1. ## solve for limit with square root in numerator and denominator

How would I solve a problem like this
lim (sqrt(3x+3)-3)/(sqrt(10x+5)-5)
x->2
obviously the substitution method doesnt work so I was wondering if someone can help me with this one.

2. Originally Posted by macro
How would I solve a problem like this
lim (sqrt(3x+3)-3)/(sqrt(10x+5)-5)
x->2
obviously the substitution method doesnt work so I was wondering if someone can help me with this one.
multiply the numerator and denominator of the given fraction by (sqrt(10x+5)-5), and you will have

(sqrt(3x+3)-3)*(sqrt(10x+5)-5)
lim -----------------------------------
x->2 (sqrt(10x+5)-5)*(sqrt(10x+5)-5)

NOTE that the denominator above is in the form of (a-b)(a-b), which is equal to a^2-2ab+b^2

(sqrt(3x+3)-3)*(sqrt(10x+5)-5)
= lim --------------------------------------
x->2 (10x+5) - 2*5*(sqrt(10x+5)-5) + 25

calculate the limit as x-> 2, you should get 0.

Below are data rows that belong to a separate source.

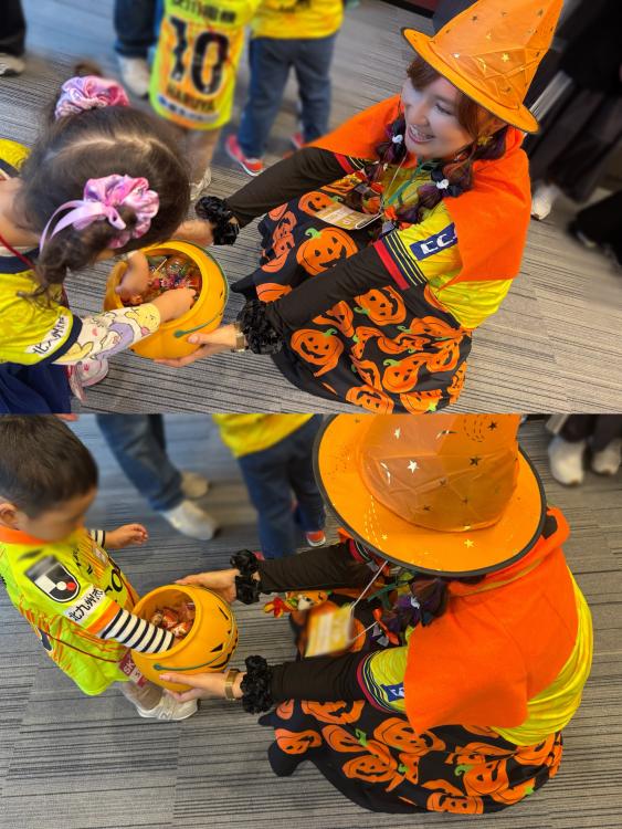 私は、派手魔女になってしまいましたが、トリックオアトリートと言ってくれたので、子どもたちにお菓子を配ってきました!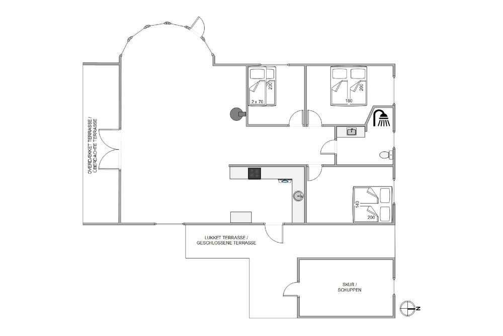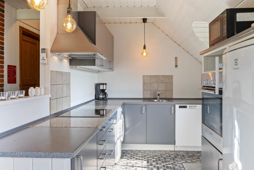 Das Ferienhaus ist mit einer schönen und praktischen Küche ausgestattet, die zum Wohnzimmer hin offen ist. Es gibt genügend Platz für die Zubereitung eurer Urlaubsmahlzeiten ? wenn ihr nicht lieber den Grill auf der Terrasse anwerft. Die Küche ist gut ausgestattet und verfügt über einen Geschirrspüler, eine Mikrowelle und einen Kühlschrank mit einem 20-Liter-Gefrierfach.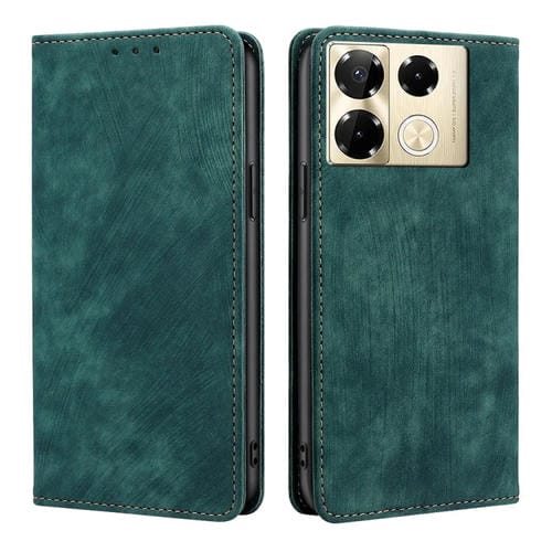 Funda de Cuero Magnética para Infinix Note 40 Pro 4G con Rfid y Cepillo Antirrobo (Verde)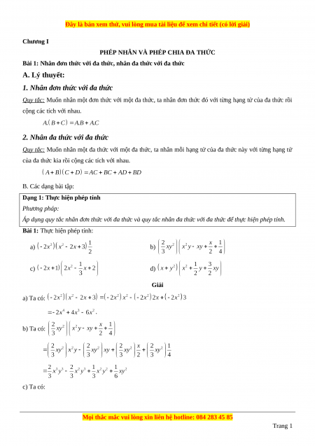 Bài 1: Nhân đơn thức với đa thức, nhân đa thức với đa thức A. Lý thuyết:

3. It ends up with a zero in the denominator

4. Originally Posted by macro
How would I solve a problem like this
lim (sqrt(3x+3)-3)/(sqrt(10x+5)-5)
x->2
obviously the substitution method doesnt work so I was wondering if someone can help me with this one.
Hello.

$\lim_{x\to 2} \frac{ \sqrt{3x+3}-3 } { \sqrt{10x+5}-5 } = \sqrt{\frac{3}{5}} \, \lim_{x \to 2 } \frac{ \sqrt{x+1} - \sqrt{3} } { \sqrt{2x+1} - \sqrt{5} }$

Start by multiplying the function by $\frac{\sqrt{x+1}+\sqrt{3}}{\sqrt{x+1}+\sqrt{3}}$.

5. Originally Posted by macro
It ends up with a zero in the denominator
How does it end up with a zero in the denominator?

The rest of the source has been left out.